Most things don't need unsafe code. For the things that do, you must yourself uphold the invariant that all requirements of safety are being obeyed when transitioning out of an unsafe block. If you don't do this, bad things can happen. Other languages don't have this because they either don't offer Rust's safety guarantees in the first place, or the only way to circumvent them is to write code in C.

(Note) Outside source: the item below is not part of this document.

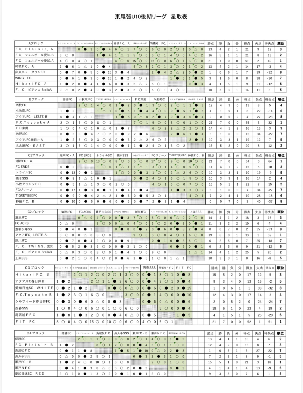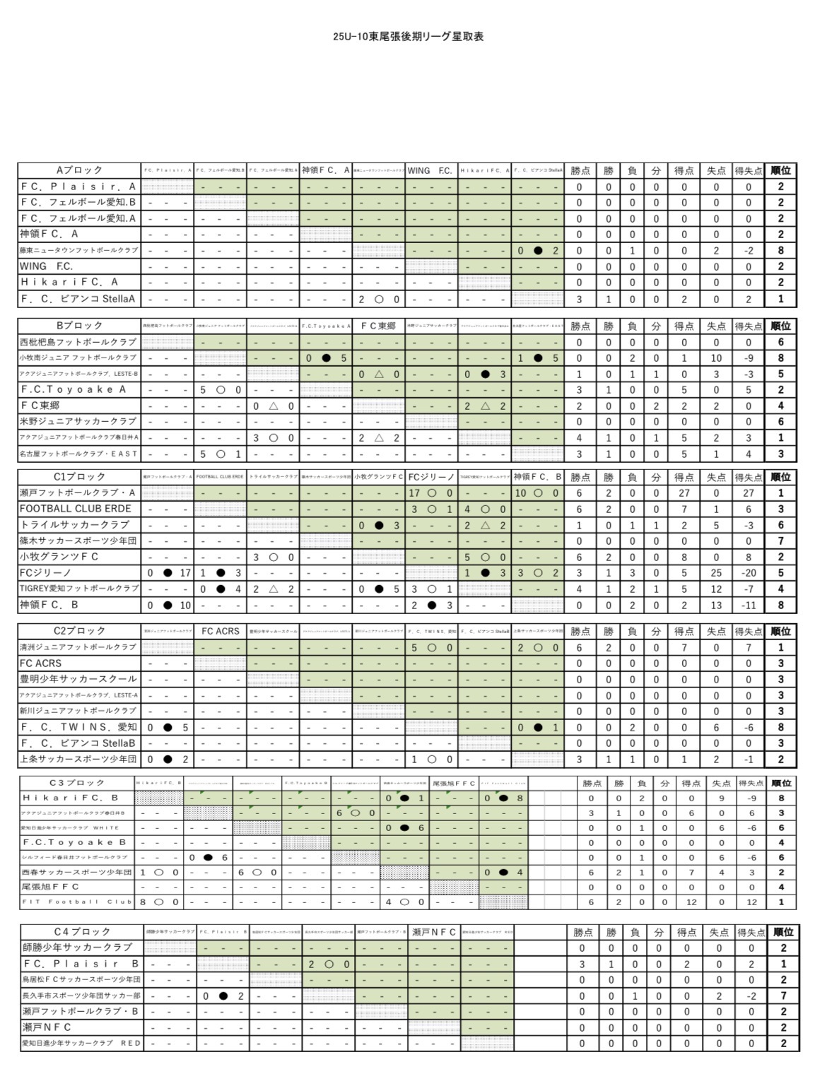Bブロック【最終結果】10/18 FC Plaisir A優勝!
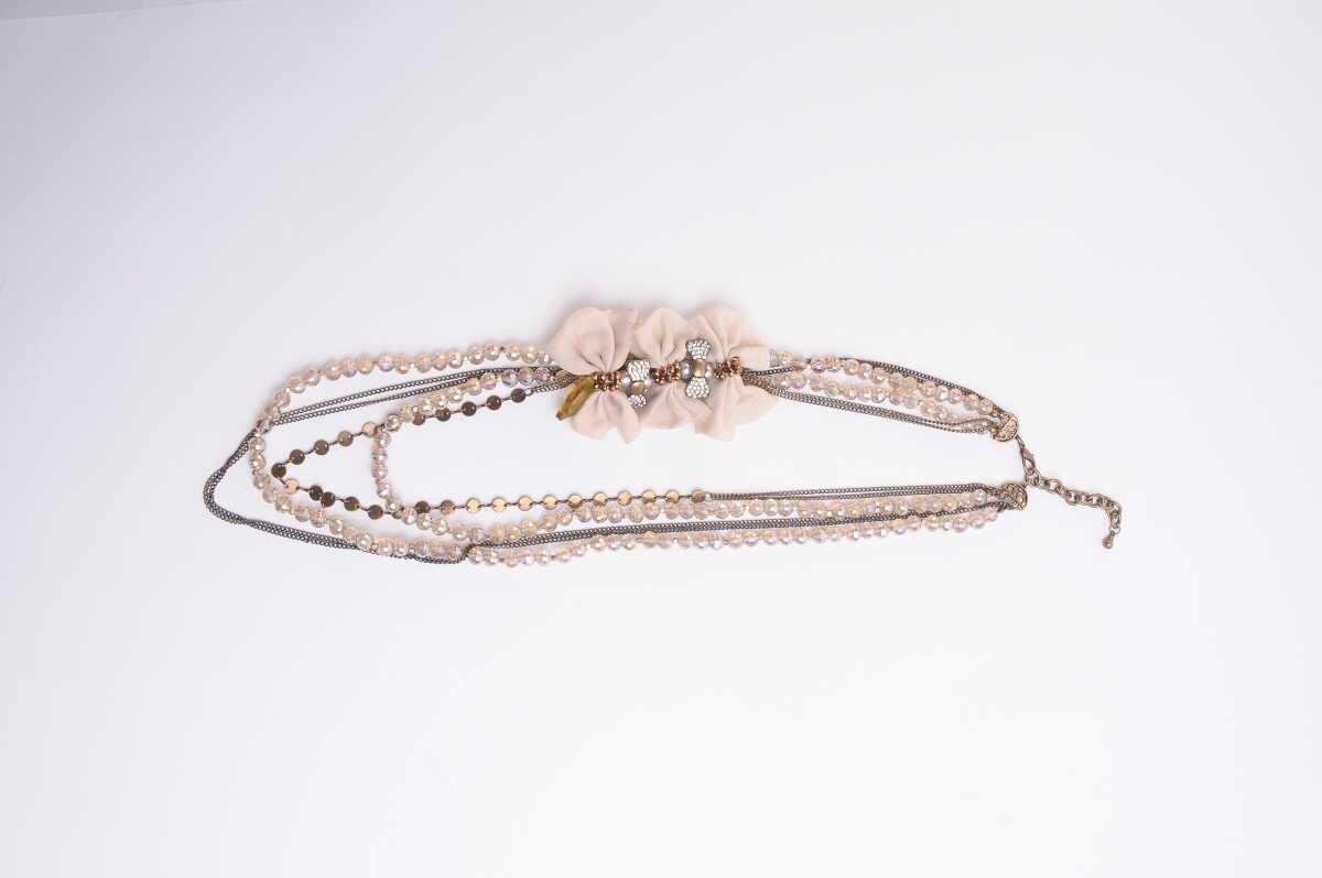 İnci Detaylı Uzun Zincir Kolye Pudra

> However, you have the benefit of being able to narrow your search scope to the parts of your code marked `unsafe` instead of the entire project.

I may be missing some context, but this is certainly not true in Rust. In order to understand whether an individual piece of code marked `unsafe` is actually correct, you need to examine the context in which it is run and in general you could have to examine a large section of "safe" code in order to figure out whether the "unsafe" block is correct. Usually you will have to examine the entire module.

Yes, it's limited to the module. That's still limited, and a good reason to keep such modules small.
Its possible that I misread the comment; it seemed to state that this problem extended into safe Rust, which it definitely does not.
Think of two libraries that use unsafe Rust and interact with the same hardware, but work correctly when used on their own.

A program written only in pure not-unsafe Rust might use these two libraries in a way that breaks because the assertions the programmers of the libaries had, like for example having exclusive access to the hardware, are wrong now.

One could argue the pure not-unsafe Rust program is wrong, not the libraries.

I think klodolph's comment is very thoughtful and shows a good deal of experience and domain knowledge.

There is a conflation happening here. What is the nature of this bug when you compose these two libraries together?

If it is a violation of Rust's safety guarantees, then at least one of those libraries has a bug, it is exposes a safe abstraction which is not actually safe. One could not argue that the safe Rust program is wrong; the library exposing an unsafe interface as safe is unarguably wrong.

If the library just behaves incorrectly in a manner disconnected from the type system because some global state was changed in a way it doesn't expect ("the hardware" in this case), then that's a normal bug & it is not connected to unsafe code at all.

> then at least one of those libraries has a bug

Yes, we agree about this point. However, the process for determining if these bugs exist is not well understood. That's what I mean when I say that this is not only a pedagogical problem--even Rust experts struggle to prove that a library containing "unsafe" blocks is safe, and more research into the area is needed.

My apologies if I misunderstood you - I read your comment as suggesting that safe abstractions are "leaky" and therefore create additional responsibilities for users to validate that they are using them safely when composing them together. This is not the case unless those abstractions are incorrect - which is the same situation you are with any language, just most languages those abstractions exist within the language runtime & not in libraries.